Microalgae could produce an alternative to palm oil

A team of scientists has developed a method to efficiently produce and extract vegetable oils from a type of common microalgae.

Since the oils produced from the microalgae are edible and are said to have superior properties to palm oil, the method recently discovered by scientists led by Nanyang Technological University, Singapore (NTU Singapore), would serve as a healthier and more ecological alternative to palm oil. .

Compared to palm oil, oil from microalgae contains more polyunsaturated fatty acids, which may help reduce the risk of heart disease and stroke.
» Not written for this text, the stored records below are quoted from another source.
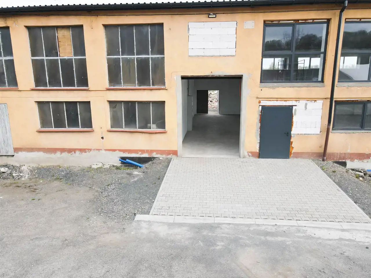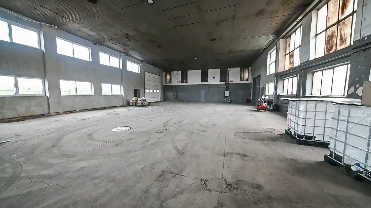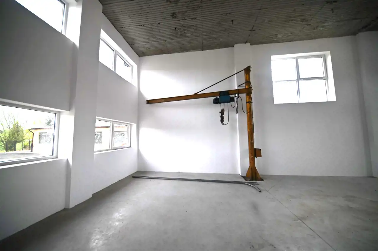 Większa hala świeżo po remoncie, posiada wymiary 14,5m2 x 44,5m. Wysokość 5,7m. Bramy od frontu segmentowe sterowane elektrycznie o wymiarach 2,2m x 3,2m i 2,3m x 3,2m, brama od tyłu segmentowa sterowana elektrycznie, o wymiarach 4,2m x 4,5m.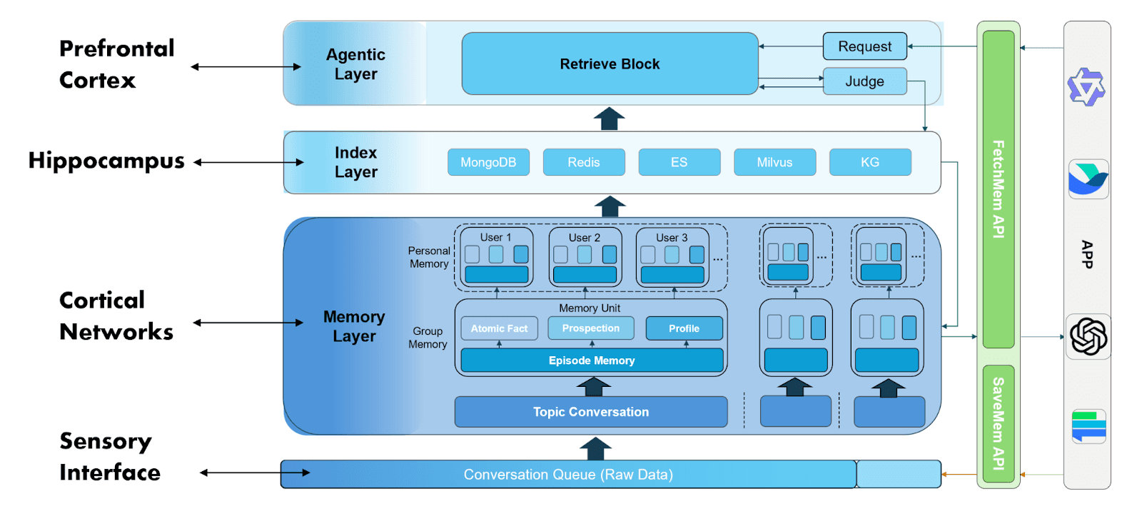 我们认为,长期记忆系统不应只是一个向量数据库,而应是一个动态演化的“认知操作系统”。这种理解源于对人类智力机制的模拟。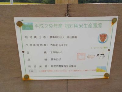 今日の稲刈りはいつもと違って飼料米の「夢あおば」と言う品種を収穫します。栽培方法はとにかく「量」を採るための窒素肥料重視の肥料設計です。こういった栽培方法で作ったお米は私たちが食べてもボソボソして美味しくないです。

The oil produced from microalgae, developed in collaboration with scientists from the University of Malaya (Malaysia), also contains less saturated fatty acids, which have been linked to strokes and other related conditions. .

Palm oil is the most used vegetable oil in the world.

To produce the oils, pyruvic acid, an organic acid found in all living cells, is added to a solution with the algae Chromochloris zofingiensis and exposed to ultraviolet light to stimulate photosynthesis.

After 14 days, the microalgae are washed, dried and treated with methanol to break the bonds between the oils and the algal protein so that the oils can be extracted. The team claims to have also developed “green” processing technology to efficiently extract vegetable oils derived from microalgae.

Developing these vegetable oils from seaweed is another triumph for NTU Singapore as we seek effective ways to address issues in the food chain, especially those that negatively impact the environment. Discovering this as a potential source of food for humans is an opportunity to reduce the impact of the food supply chain on our planet.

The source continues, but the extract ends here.